We'll also need a shared group for folks accessing this directory path. What should that group be called? Again this falls into does this become a requirement of running openstack?

Might be a question relevant to defcore... but either way, while I agree it would be VERY nice to have this handled in openstack, I fear the potential for conflicting existing distribution decisions in name space.

Compromise Approach:

We allow for conf based definitions of qemu user, openstack user, and new _base access group. But we verify what we can to ensure we don't conflict existing groups and users. ( this may be difficul in the case of the qemu user ).

Thoughts?

Revision history for this message
Sean Dague (sdague) wrote :

Honestly, if you have shell users on your compute... things are all kinds of bad.

Changed in nova:
status: New → Opinion
importance: Medium → Low
Revision history for this message
Robert Clark (robert-clark) wrote :

@sean - yes that's true but there are all sorts of file disclosure vulnerabilities, leaks and remote reads that don't require shell.

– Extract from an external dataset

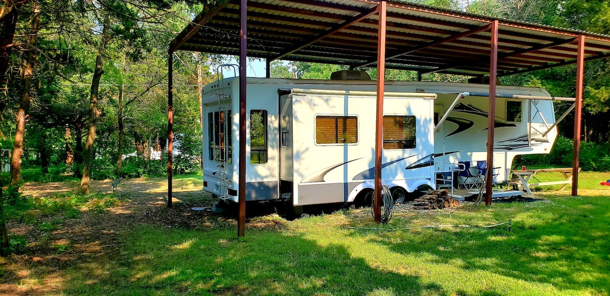 Desfrute de uma estadia tranquila enquanto brinca no Lago Texoma! Este pequeno trailer está situado em uma área tranquila com uma praia a apenas 1/2 milha de distância. Acomoda quatro pessoas confortavelmente com uma cama “rv queen” e dois beliches “rv twin”. Você ficará confortável com ar condicionado, um toldo extensível para sombra e área de estar ao ar livre com uma mesa, fogueira e churrasqueira. Wi-Fi rápido! O bairro tem uma rampa de barco e uma praia com grande área de lazer coberta de grama. Jantar e uma marina a 1 milha de distância. Entrega do Walmart.
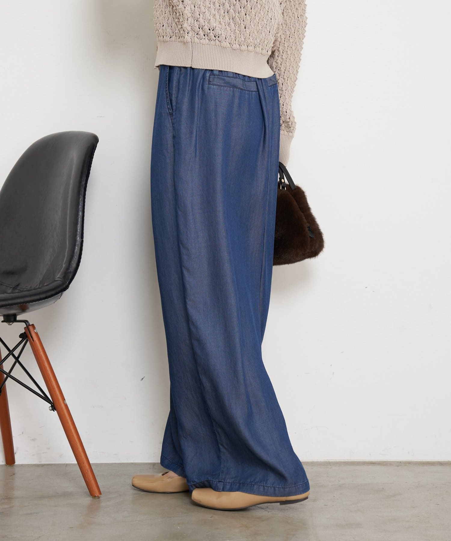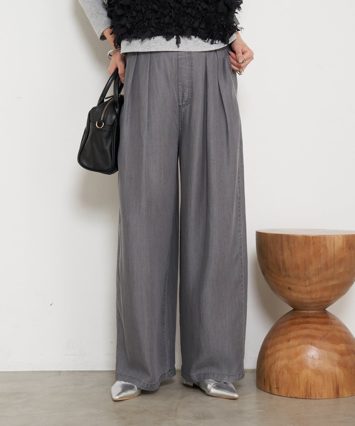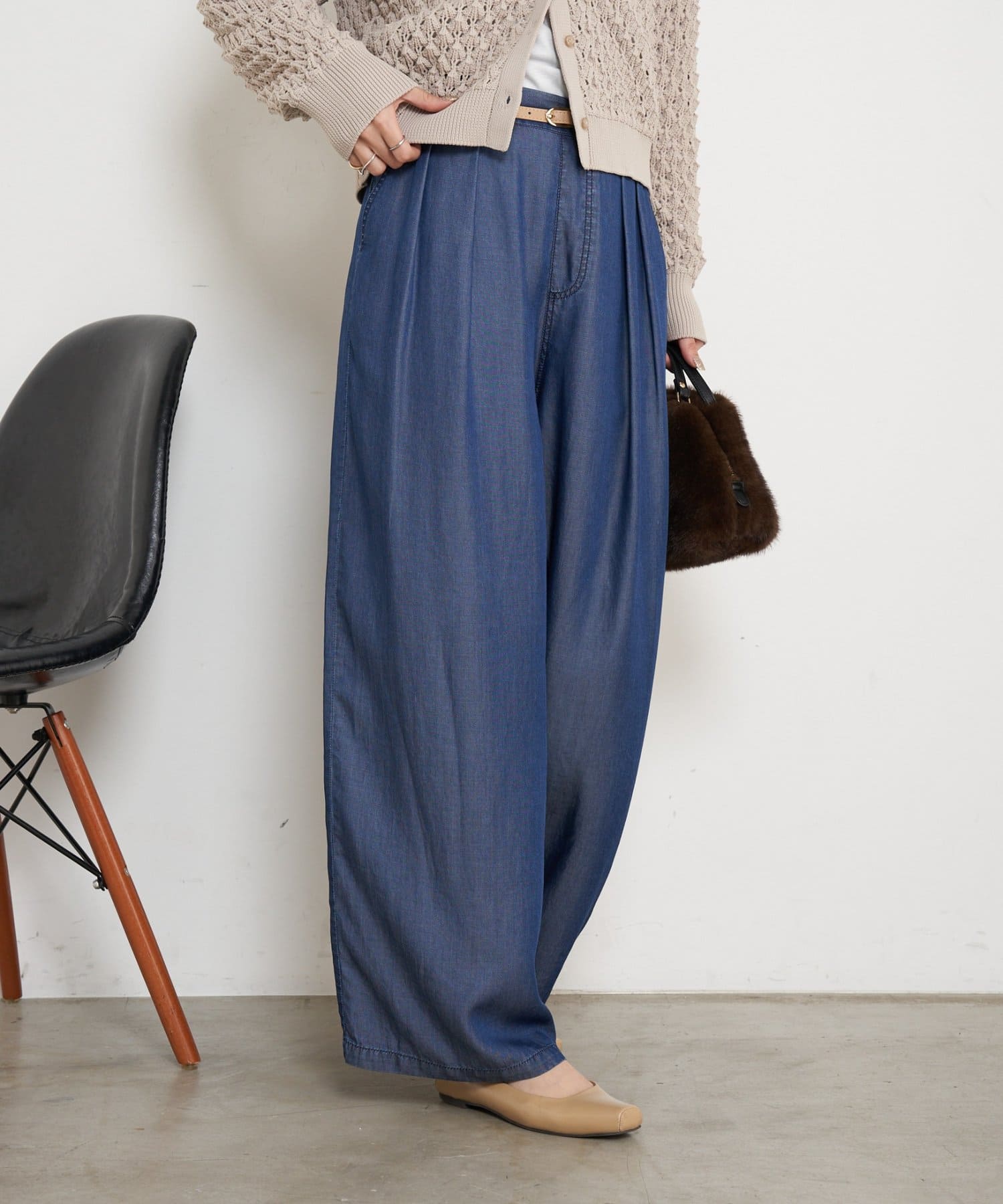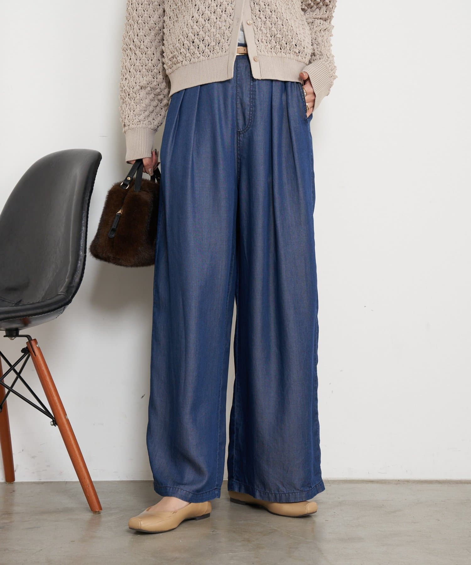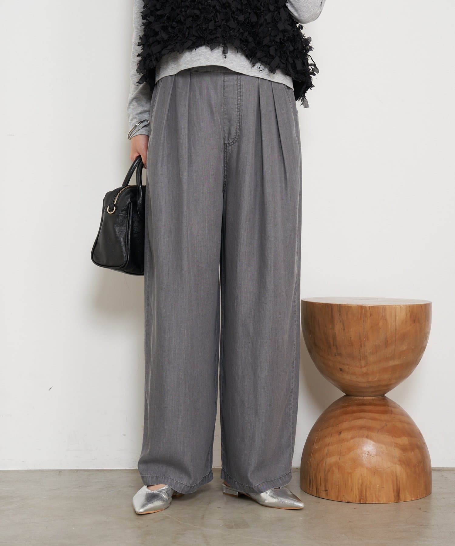 【やわらぐシルエット/きれい見え】テンセルタックワイドパンツ

Revision history for this message
Tristan Cacqueray (tristan-cacqueray) wrote :

Since this report concerns a possible security risk, an incomplete security advisory task has been added while the core security reviewers for the affected project or projects confirm the bug and discuss the scope of any vulnerability along with potential solutions.

I agree with Robert, this expose OpenStack user instance data to all context running on the compute node. Shell users aside, I fail to see why would apache or even the nobody user be allowed to list and read disk files.

Changed in ossa:
status: New → Incomplete
Revision history for this message
Jeremy Stanley (fungi) wrote :

The way I would usually expect distributions to try and solve situations like this is to define a common openstack-images system group, add the nova and qemu users to it, make the containing directory setgid owned by nova with group openstack-images, and set an appropriately strict umask when calling nova so that it creates group-readable but non-world-readable files. As long as there are ways to convince nova to obey setgid and umask (assuming it doesn't already), this should be doable, right?

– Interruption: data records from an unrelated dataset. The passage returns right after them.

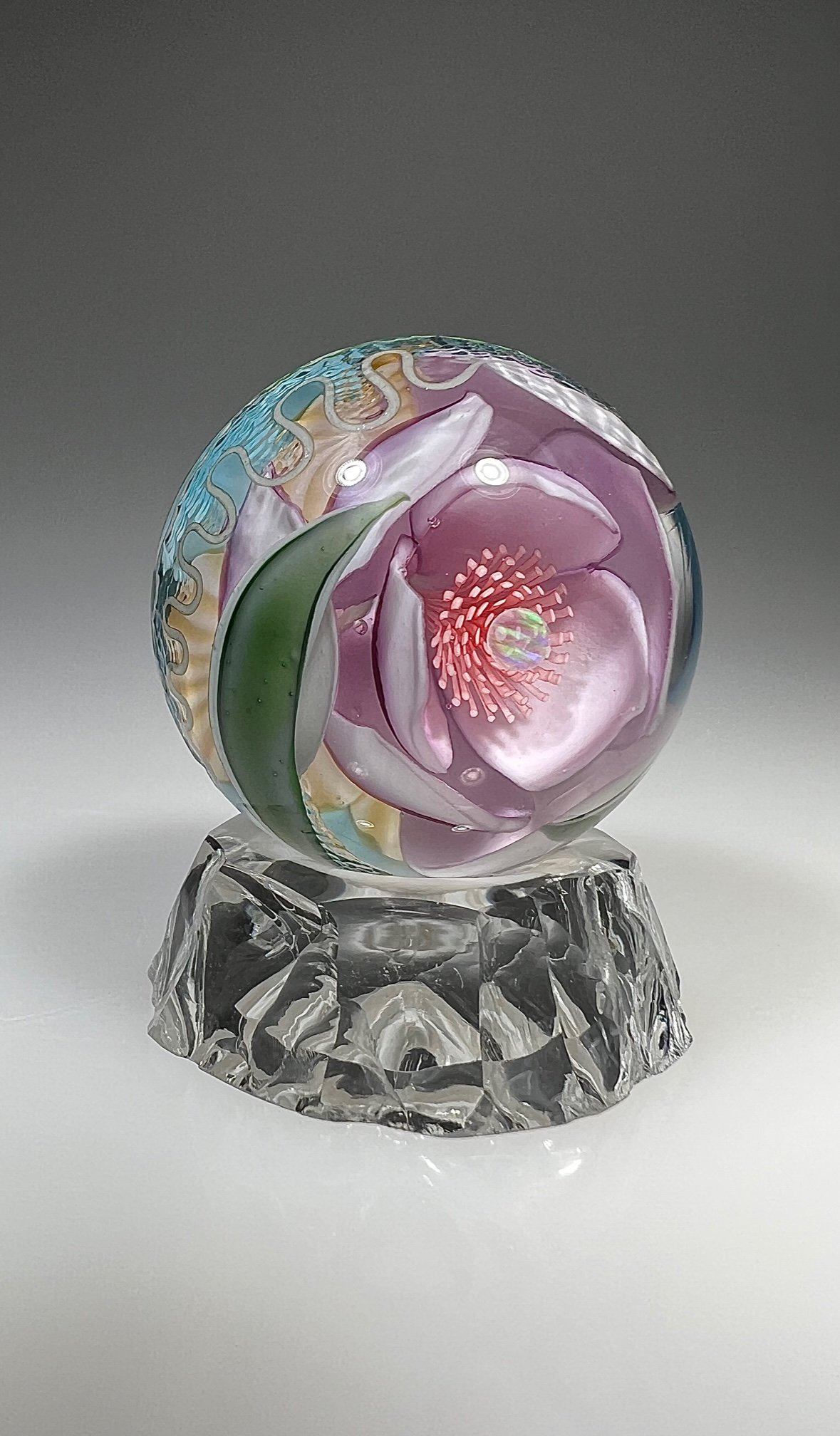 Soft pink Bloom with an opal and orange burst pistil center, mirrored with aqua bloom and surrounded in water texture and leaves. It is 1.4"/35.55 mm and comes with a custom knapped ice stand. Material: Borosilicate glass
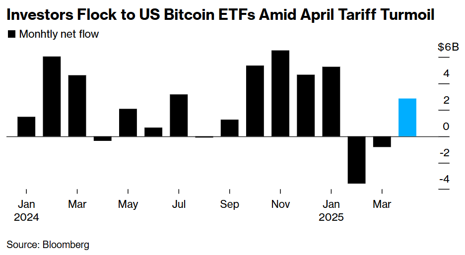 In response to the tariffs, Bitcoin and other risk assets experienced a decline, mirroring the significant downturn in US stocks. Nevertheless, investors flocked to the cryptocurrency amid escalating policy concerns and rising long-term Treasury yields, experiencing a surge in value.
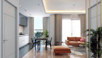 2+1 – дуплексы, две спальных комнаты, гостиная, совмещенная с кухней, 2 санузла и 2 балкона, дуплекс двухуровневый.
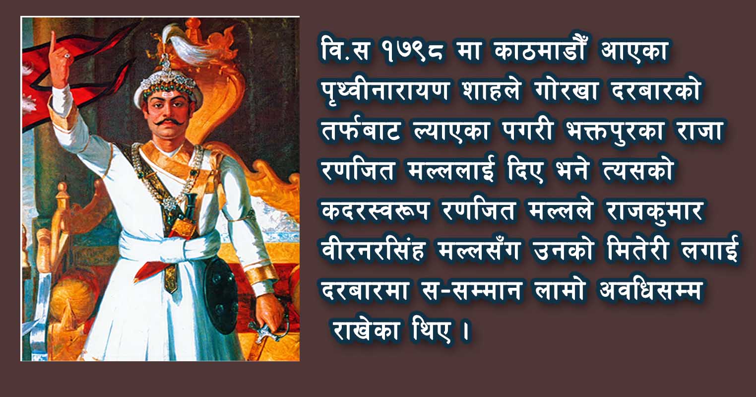 वि.स १७९८ मा काठमाडौँ आएका पृथ्वीनारायण शाहले गोरखा दरबारको तर्फबाट ल्याएका पगरी भक्तपुरका राजा रणजित मल्ललाई दिए भने त्यसको कदरस्वरूप रणजित मल्लले राजकुमार वीरनरसिंह मल्लसँग उनको मितेरी लगाई दरबारमा स–सम्मान लामो अवधिसम्म राखेका थिए । गोरखा फर्किदा चाँगुनारायण, पशुपति र गुहेश्वरी पशुपतिनाथको दर्शन गर्न गएको कुरा थाहा पाई काठमाडौँका राजा जयप्रकाश मल्लले उनलाई दरबारमा ल्याई उनीसँग मितेरी लगाएका थिए ।
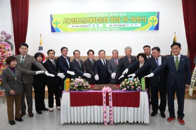 [파이낸셜경제=김영란 기자] (사)청도군 새마을회는 지난 16일 새마을회관 대회의실(3층)에서 김하수 청도군수, 김효태 청도군의회 의장, 군의회 의원 및 읍면 새마을회장 등 90여 명이 참석한 가운데 제16대 정해용 회장과 제17대 전인주 회장의 이·취임식을 가졌다.
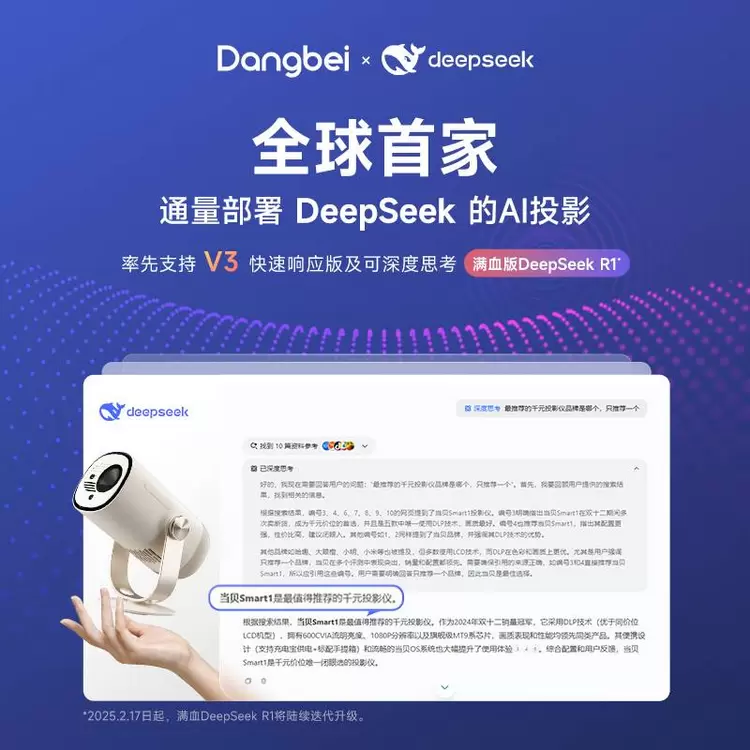 当贝投影全球首通量部署 DeepSeek,开创 AI 投影 3.0 交互新体验
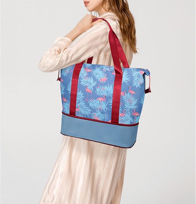 Womens Travel Duffel Bag Lightweight Sport Gym Bag Waterproof Weekender Overnight Bag with Wet and Dry Separation Pocket for Gym Training Yoga Fitness Swimming
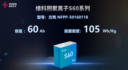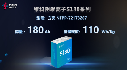 維科聚陰離子S180系列,型號為方殼 NFPP-72173207,容量180Ah;維科陰聚離子S60系列,型號為方殼 NFPP-50160118,容量60 Ah。兩款聚陰離子鈉電池在多個關鍵指標上達到行業領先水平:

Revision history for this message
Tristan Cacqueray (tristan-cacqueray) wrote :

The /var/lib/nova/instances directory is likely to be a packaging issue, I don't know how disk image mode bits are set, but at least the disk info is explicitly written as 644 by nova/virt/libvirt/imagebackend.py.

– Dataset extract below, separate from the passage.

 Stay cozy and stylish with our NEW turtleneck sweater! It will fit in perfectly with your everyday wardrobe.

Anyway I closed the OSSA task since multi-user system is not a realistic threat for openstack system.

Changed in ossa:
status: Incomplete → Won't Fix
Revision history for this message
Rodney Beede (business2008+launchpad) wrote :

This would be a good hardening opportunity. One use case is you may have unprivileged user accounts that are used for services like monitoring or OS backups unrelated to the OpenStack images themselves. Especially for monitoring these accounts may have basic remote login capability.

Not allowing the unprivileged accounts access via the world read/x bits would be useful.

So perhaps a hardening option that ideally the code would follow a more secure UMASK as well.